Courtesy of Thomas A. Edison, Inc.

THE CORSICAN BROTHERS—A FAMOUS TRICK FILM

The parts of the twin brothers in this film were acted by the same man, the illusion being accomplished by the double exposure trick.

Courtesy of the Vitagraph Company of America

THE GUILLOTINE

Famous scene from the photoplay based on Dickens's great novel, "A Tale of Two Cities."

Simple as it was, thousands and thousands dropped nickels into a slot and peeped into the hole at the "moving pictures." Some of the boys who read this may remember machines like it. The mechanism was in a cabinet in which the pictures were shown on a positive film. This was about forty feet long and was strung backward and forward inside the cabinet on a series of spools in a continuous chain. The film passed before the peep-hole and the pictures were magnified by a lens. They were illuminated by an electric lamp behind them. A rotating shutter cut off the light intermittently, so that each picture was seen for the fraction of a second, and then a period of darkness ensued. The shutter was the only attempt at intermittent revealing of the pictures, for the film travelled continuously.

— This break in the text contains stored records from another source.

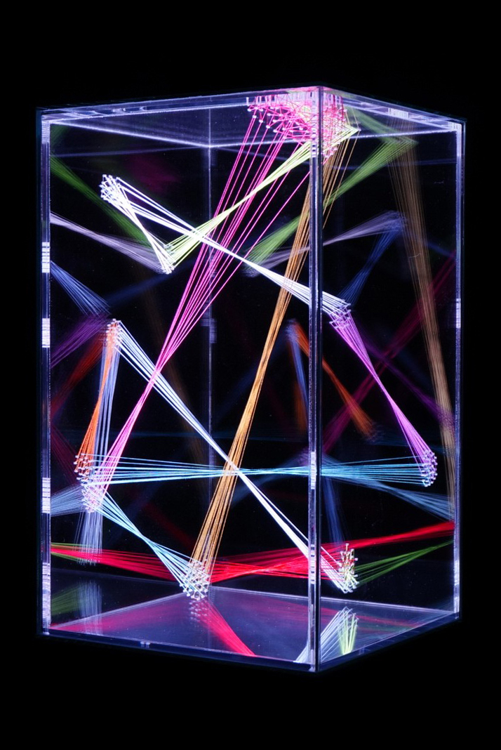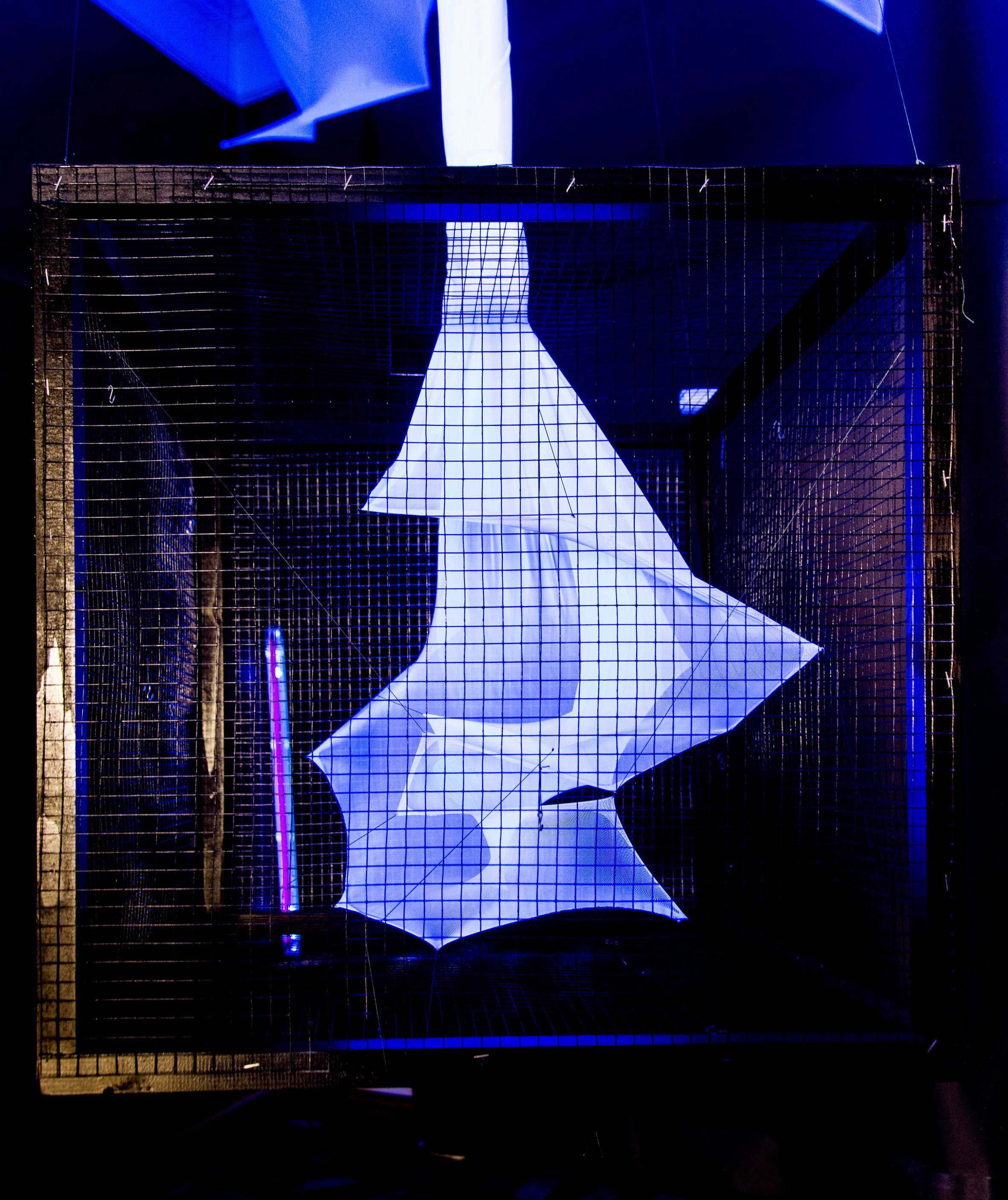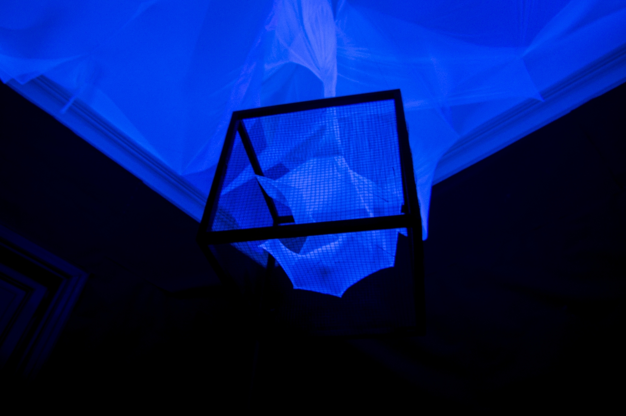 Le sue opere si compongono in reti colorate di lycra semitrasparente, tirate, adattandole allo spazio a sua disposizione. Tutte le opere infatti sono in netta correlazione con il luogo in cui vengono esposte. Due sono state pensate proprio per il Villino Pignatelli e sono le due di dimensioni più grandi, che invaderanno completamente le sale del palazzo neorinascimentale. Verso metà percorso la tensione si alza. Una stanza buia con un rumore fastidioso e una luce effetto flash, ci incoraggia ad andare a guardare la scultura a specchio più da vicino e…Come per magia, avvicinando l’occhio alla fessura, si ha l’impressione di distensione,di quiete. Continuiamo avanti e arriviamo ad una sala, quasi meditativa. Ci sono dei cuscini, ci stendiamo. E Poi l’ultima. L’installazione site specific. Quella, che l’artista, considera il massimo della liberazione emotiva e che fa ci fa entrare a contatto con ilo nostro profondo.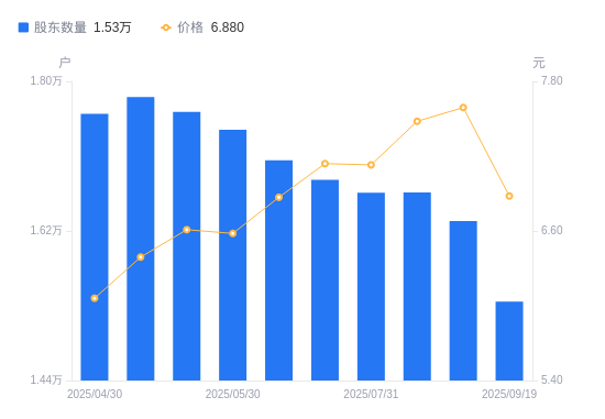 近一年(2024年9月20日至2025年9月19日),津膜科技A股股东户数从1.98万户,减低至1.53万户,降幅22.64%,区间股价上涨32.05%。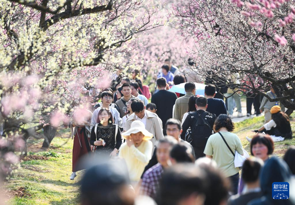 3月1日,众多游客在南京梅花山景区赏花游玩。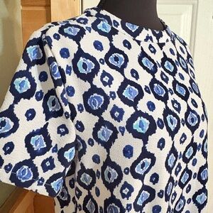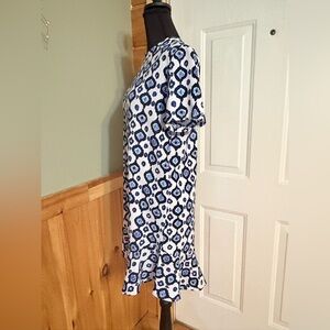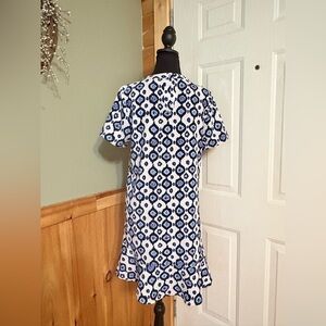 This casual sundress by Mud Pie features a striking blue and white geometric pattern, perfect for a relaxed day out. Designed with flutter sleeves and a crew neck, it offers a breezy and comfortable fit. The lightweight fabric makes it an ideal choice for warm weather, ensuring both style and ease.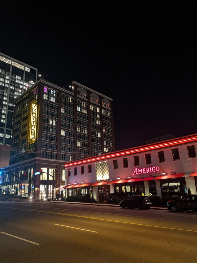 “Henrietta Red has a great menu and wines, Attaboy is a speakeasy type place for a great pricey cocktail, and I really love Bastion (they have a tasting menu and a casual bar with good cocktails and nachos). For dive-y places, depends on how dive-y you want it. Dino’s was my go-to for drinking beer out of plastic cups and having a burg. There’s a place called Springwater Supper Club that’s like the oldest bar in the city I think? They’re beer-only and are right next to the Parthenon.”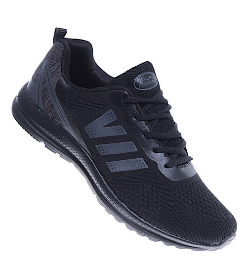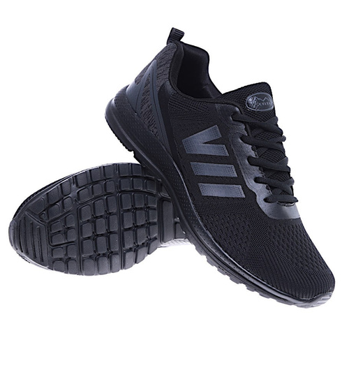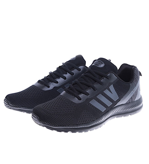 - Sportowe trampki wykonane z miękkiej tkaniny w kolorze czarnym.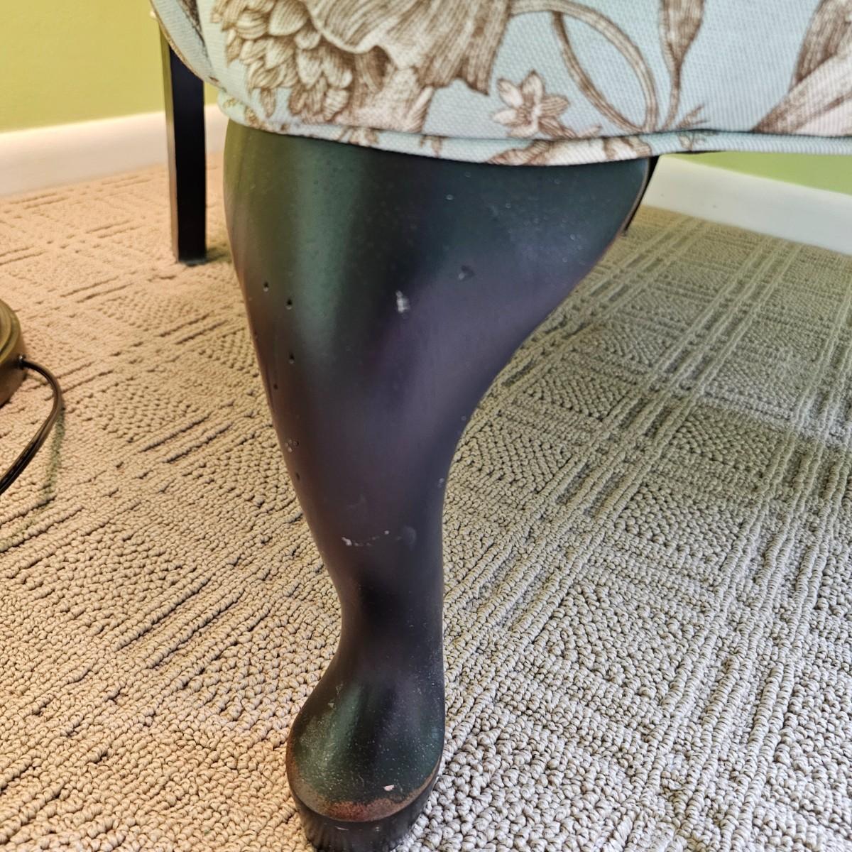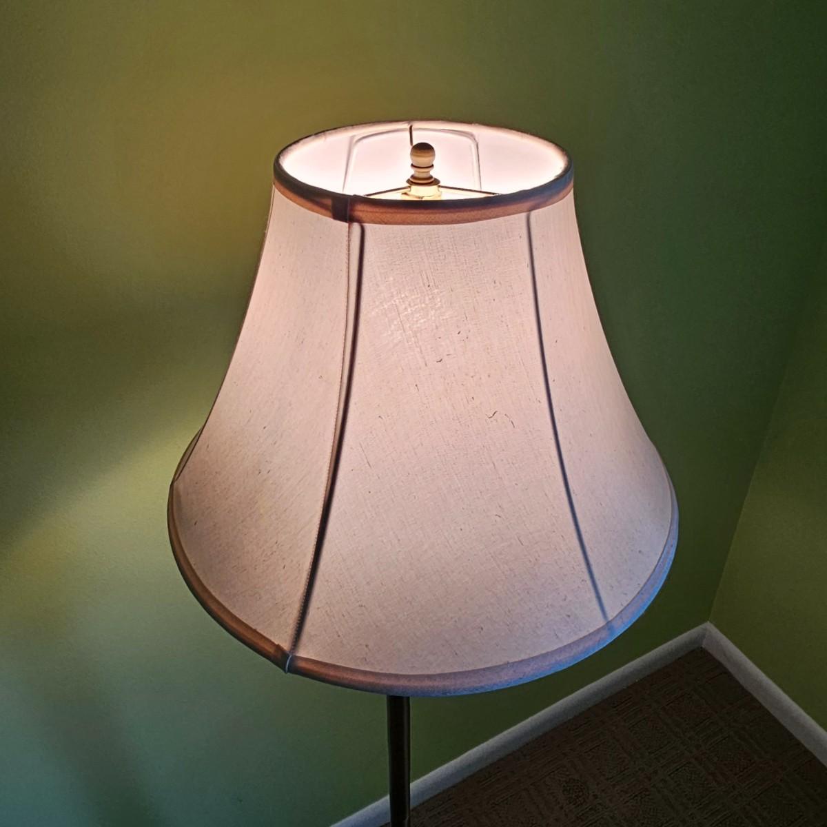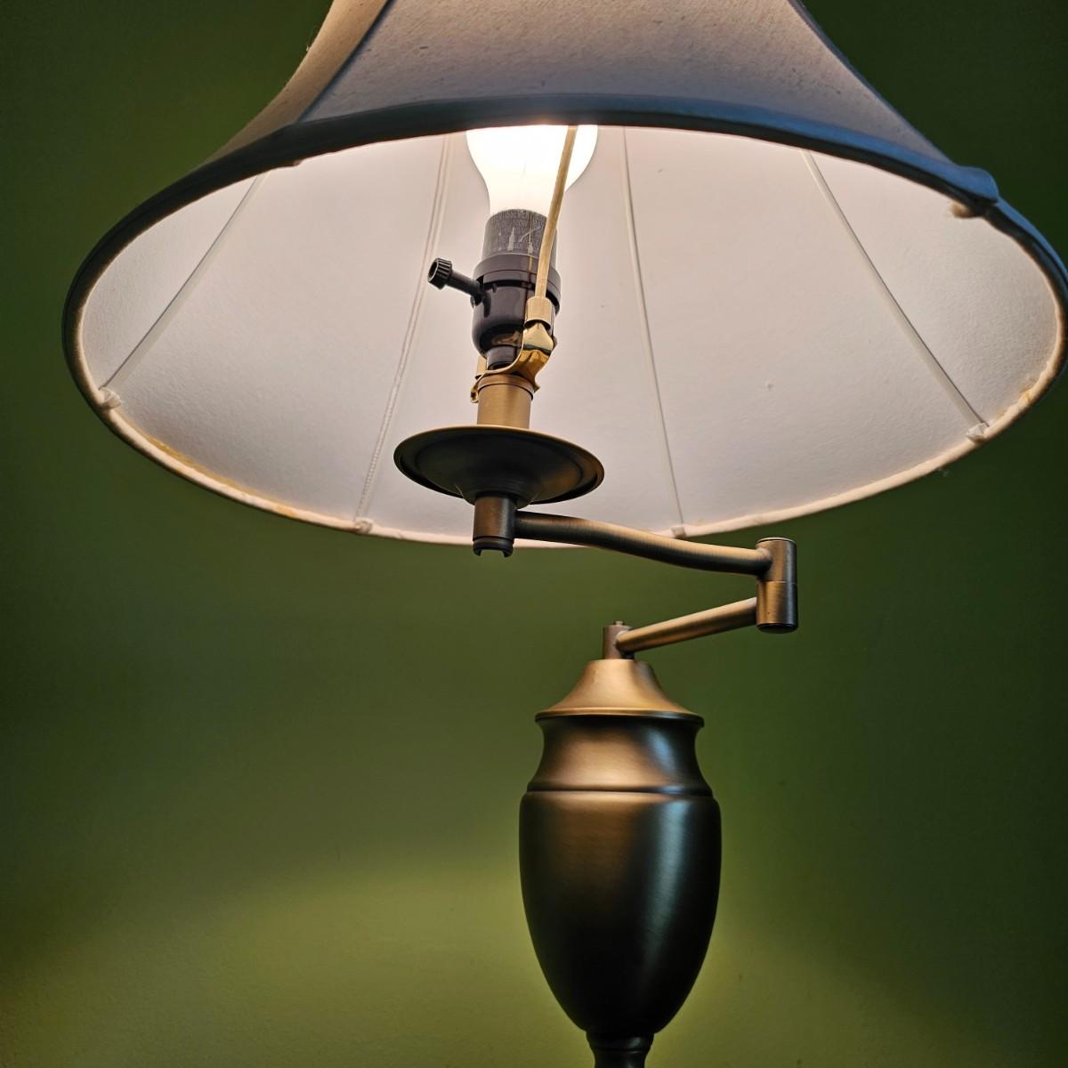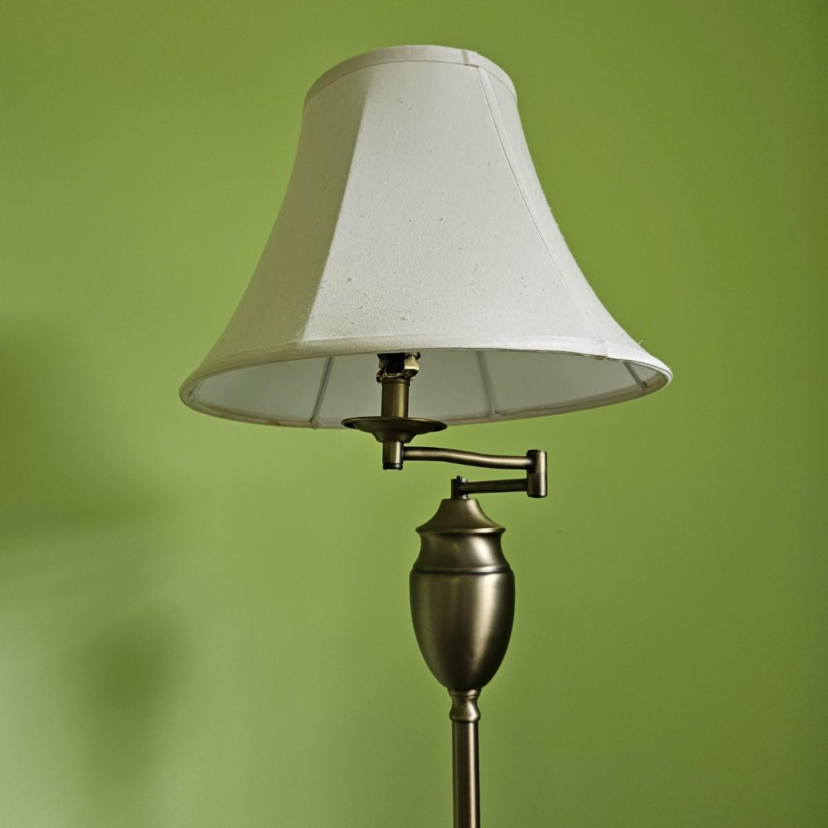 Floral vining pattern on green/grey broadcloth fabric. Wooden semi Queen Anne style legs. Chair measures 35" x 32" x 44"H, has 20" seat height. Manufactured by Best Chair of Indiana. Floor lamp is goldtone satin finish metal, has swing head and cloth shade. 15" D x 59" H, lamp powered on when plugged in. See photos for details. Local pickup only.

The camera that Edison invented for taking the pictures shown in his kinetoscope was in principle about the same as the one described earlier in this chapter, except that it has been wonderfully improved in mechanical accuracy and photographic clearness. The hardest problem facing him was the machine which would show the pictures to a large number of spectators at the same time and do away with the old peep-hole machine. The idea of the magic lantern immediately presented itself, but the inventor quickly saw the necessity of an intermittent motion, for if the ribbon of pictures was drawn before the beam of light fast enough to give the illusion of motion, each picture was thrown on the screen for such a short time that it was too faint to be seen easily. From this it was to Edison but a step to a practicable projector, and nothing remained but to improve its mechanical working.